Damn, thought I covered my bases :sweat_smile:

lsblk (2nd nvme not present)

zpool status (also not present)

And forgot to mention: the vm disks are zvol (if that maters, I’m still learning ZFS).

So in TrueNAS SCALE (Debian Linux) the device is shown in lspci but not in lsblk, but in Ubuntu it is working just fine.

I’m flumuxed.

A great, it’s not just me then. :smiley:

I suspect either the nvme is dying (somehow caused by the gpu that is acting funky) and truenas maybe marked it as dead/damanged or something (?) or something is wrong with the mobo/cpu.

But before I continue troubleshooting the hardware I really want to backup to zvols for my VMs (I have a few important one on there and having them down is starting to get really annoying)

I just can’t figure out how to backup/copy/move the zvols.

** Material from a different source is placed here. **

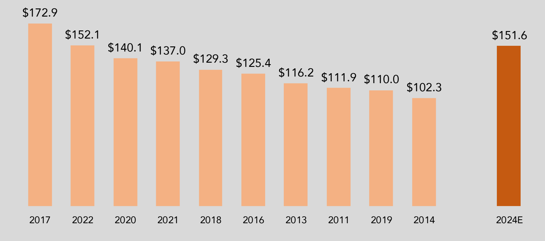
All time largest January USD IG issuance, bn

Data as of January 5, 2024. 2024 January issuance is CFR average.

Found guides that say to do a zfs snapshot, but that just hangs. (Maybe because the nvme is actually dying…?).

If you’re doing this on a separate system in a separate OS & it is failing; the good news is you found the problem, the bad news is that your assumption is likely correct…

Haven’t tried a different system yet with the zvol snapshot.

Have 2 older boards laying around, gonna have a look tomorrow if one of those has an nvme slot. Don’t really trust the nvme to usb I got last week (the usb c connector is way to loose, can only get a reliable connection in one system).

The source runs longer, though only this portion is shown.